No passado, a Samsung chegou a fornecer processadores Exynos para outras marcas, como Motorola e Vivo, mas essa prática foi significativamente reduzida nos últimos anos. A preferência do mercado chinês e das fabricantes locais por soluções da Qualcomm e da MediaTek limitou a expansão da Samsung como fornecedora de chips para terceiros na região.

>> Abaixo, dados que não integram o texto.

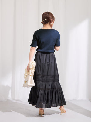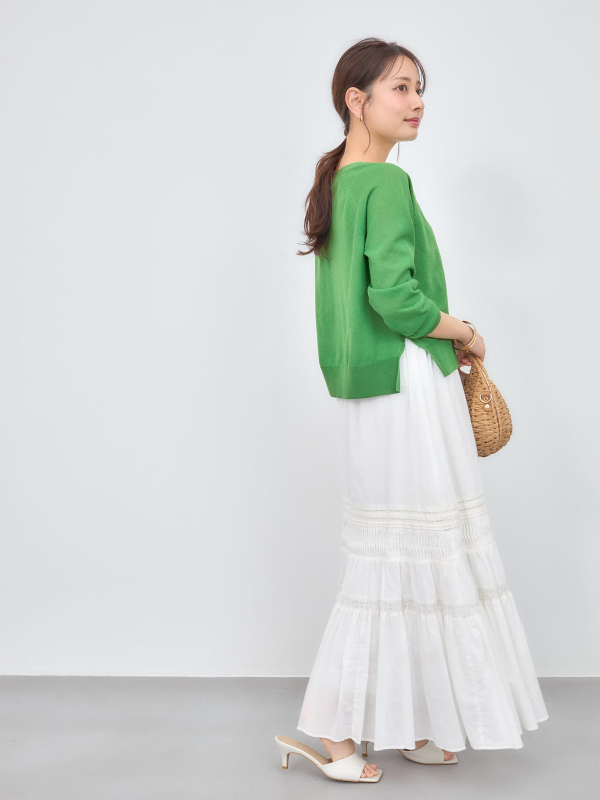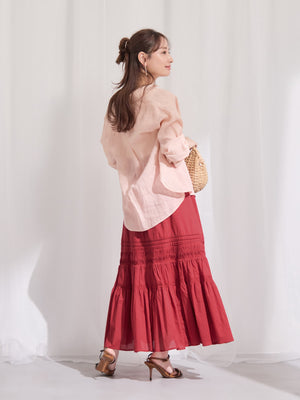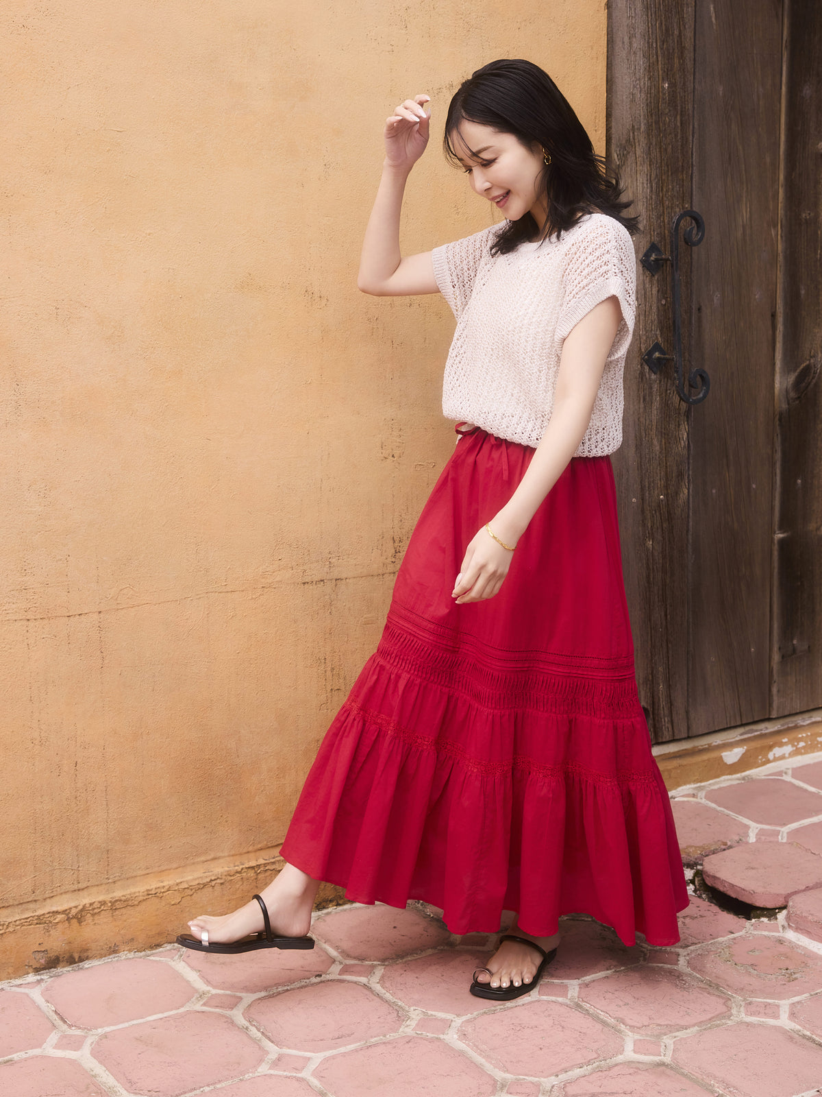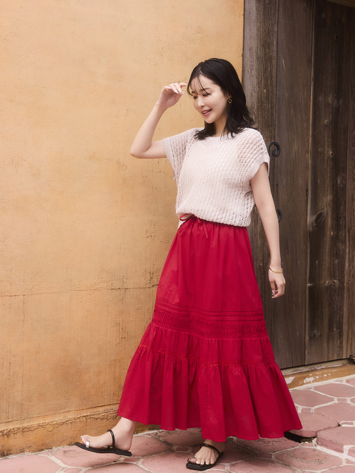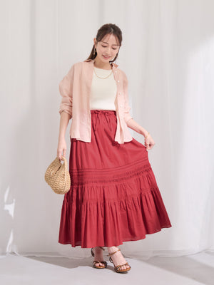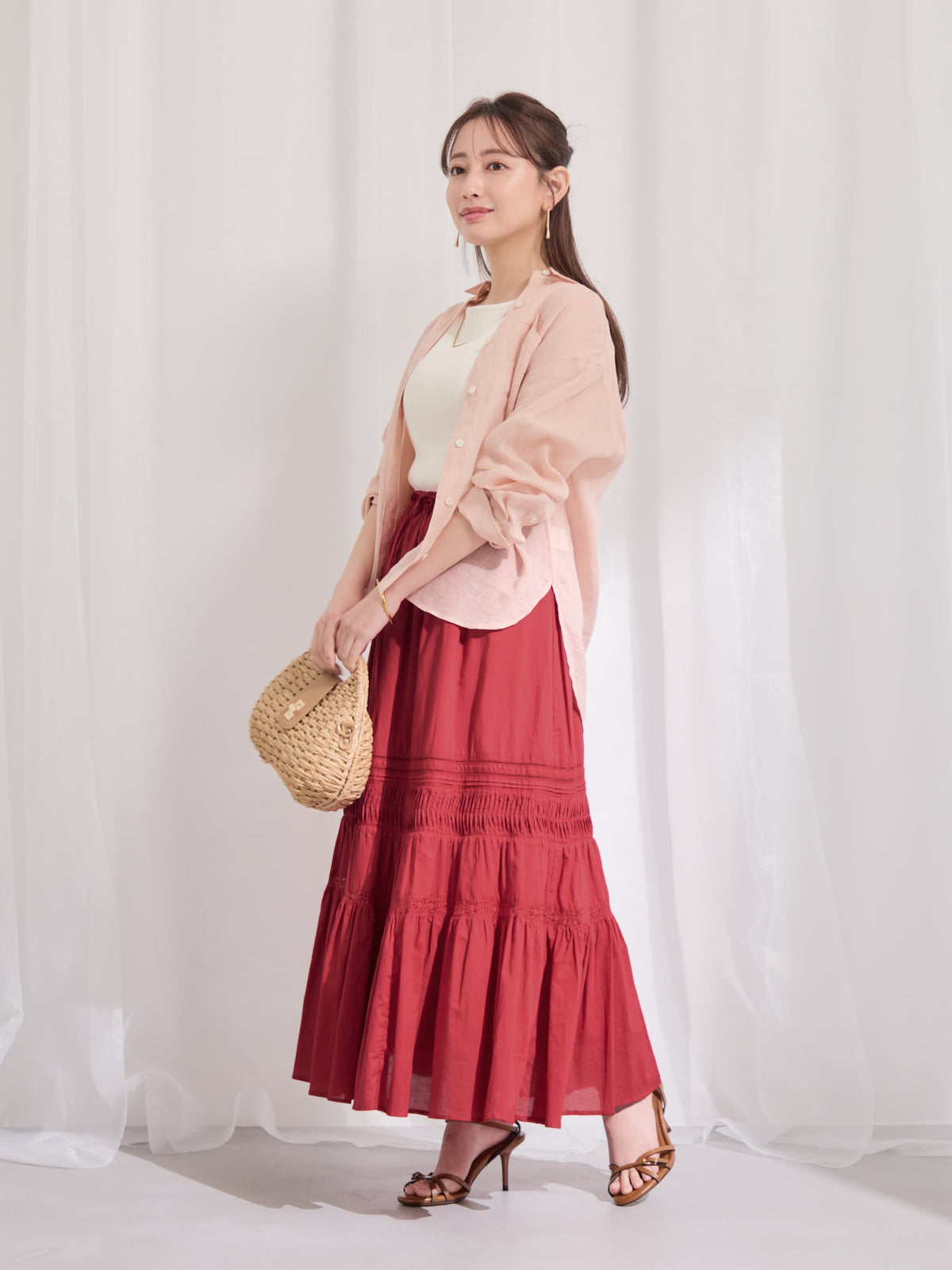 同素材の【Made in India】ピンタックエンブロイダリーブラウスと合わせたセットアップ風スタイルは、統一感がありおすすめ。シンプルなカットソーやコンパクトなニットを合わせて、スカートを主役にした着こなしも◎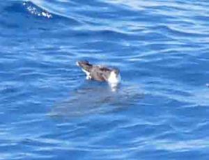 Little Shearwater; after thinking we could not improve on a Maderian Petrel at sea I noticed a bird behaving in a untypical fashion in my experience, it was disappearing underwater, plunging, in a flying action before reappearing again, when on the surface I could see it was a Little Shearwater and not a Flying Fish. I shouted to Luis to slow the boat down and bring her around which he did and we all got spectacular views as it peck fed around flotsam and jetsam, plunge dived and mad short flights between feeding bouts. Again it was another quality birding experience. Luis Dias managed to get some decent shots and I got a few which were useful for reference.

O futuro da competição no setor de chips

A entrada da Xiaomi no mercado de processadores com o XRING O1 é um indicativo claro de uma tendência de diversificação e verticalização no ecossistema Android. A busca por maior autonomia e diferenciação está levando as grandes fabricantes de smartphones a investir bilhões no desenvolvimento de seus próprios componentes, reduzindo a dependência de fornecedores externos e permitindo um nível de otimização de software que antes era exclusivo da Apple. Esse movimento, embora ainda incipiente, tem o potencial de remodelar o cenário competitivo nos próximos anos.

Apesar de a Qualcomm e a MediaTek manterem uma vantagem consolidada em escala de produção, portfólio e parcerias, o avanço de chips proprietários de alto desempenho pode aumentar a pressão por inovação e preços mais competitivos em todo o setor. A proximidade entre as participações iniciais da Xiaomi e da Samsung no relatório do AnTuTu sugere que o mercado está aberto a novos players, e o sucesso do XRING O1 pode inspirar outras empresas a seguir o mesmo caminho, resultando em um futuro com mais opções e avanços tecnológicos para os consumidores.